あ、本当だ。…家、か…どうしよう…もう野宿するしかないな自分。
「…あら?どうしたの。もしかして出る方向、間違えちゃったかしら…?」
「い、いやいや!別に間違ってませんよ!アハ、アハハハ…」
「……?」
物凄い疑いの目で見られてる…そんなに嘘付くの下手だったか自分…
「…!ああ、貴方、もしかして……」
え!?わ、分かっちゃった!?本当に嘘付くの下手くそだな私!もっと上手くなれよっ!
「旅してるんでしょ!ね?だから家に帰りなさいって言われて戸惑ってたのね。」
「え!?…あ、は、はい!そうです、その通りです!!」
よかったー…あのグレイシアさんにお世話になるわけにはいかないもんね。きっと迷惑になるだろうし。手伝いできることも少ないしね…
「で、旅ポケさん。」
旅ポケ!?…あ、そうか。この世界ではそうなんだね…私の世界で言えば、『旅人』と同義語なのかな。
うん、きっとそうだ。
「そう言えば、今日は何処で泊まるの?荷物も持ってないようだし、野宿するつもりではないわよね。」
「うっ!?…ん、んんー…あー、はい。そうです、何処かに泊まるんですよー。ハハハ…」
どうしよう誤魔化しきれない…でもまあ…ギリギリまで隠すか……
「そう!じゃあどこで泊まるのかしら?私、ずっと旅に憧れてて、一目でも旅してるポケモンが見たかったの!ねえ、教えてくれるかしら?」
「え…えーと……ま、まだ決まってないんですよー」
ぎこちない……
「あら、そうだったの?ごめんなさいね。じゃあ、今晩は私の家で泊まったらどうかしら?十分にもてなしてあげるわよ。」
「え!?で、でも、失礼…ですし、迷惑かけちゃうだろうし……」
「いいのいいの!私の好意なんだから。素直に受け取って!ね?」
「え……あー…ええっと…はい、じゃあ…お願いします……」
グレイシアさんの押しに負けた…しかも、何だか騙すような形にまでなっちゃったし……
…あ、待てよ?旅…そうだ!旅!これなら、世界を救うほどの強さになれる(多分)だろうし、人材も集められるはず!頭は良くないが思い出したぞ私!
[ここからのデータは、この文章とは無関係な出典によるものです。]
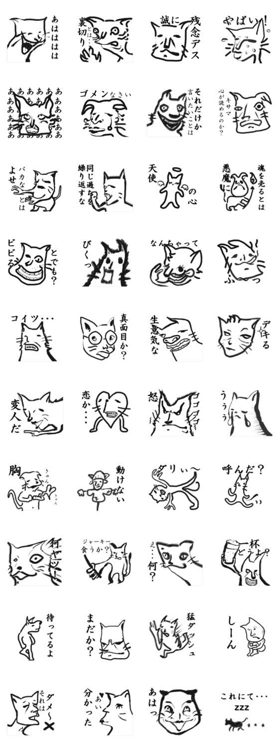 筆で描いたネコ風スタンプ。面白いスタンプ探してるなら、間違いなくコレでしょ!
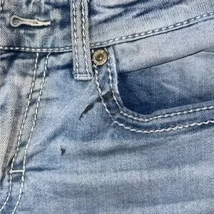 Classic slim straight fit. Light blue denim. Stylish back pocket design.

…とにかく、なるべく迷惑にならないように泊まらせてもらって、次の日に朝早くから出発しよう。そうしたら、あのグレイシアさんにあまり負担をかけることもないだろうしね。
「じゃあ、これから私についてきてね。案内してあげるから。」
「あ、はい。ありがとうございまーす…」
…その前に、心配な一晩が始まりそうです。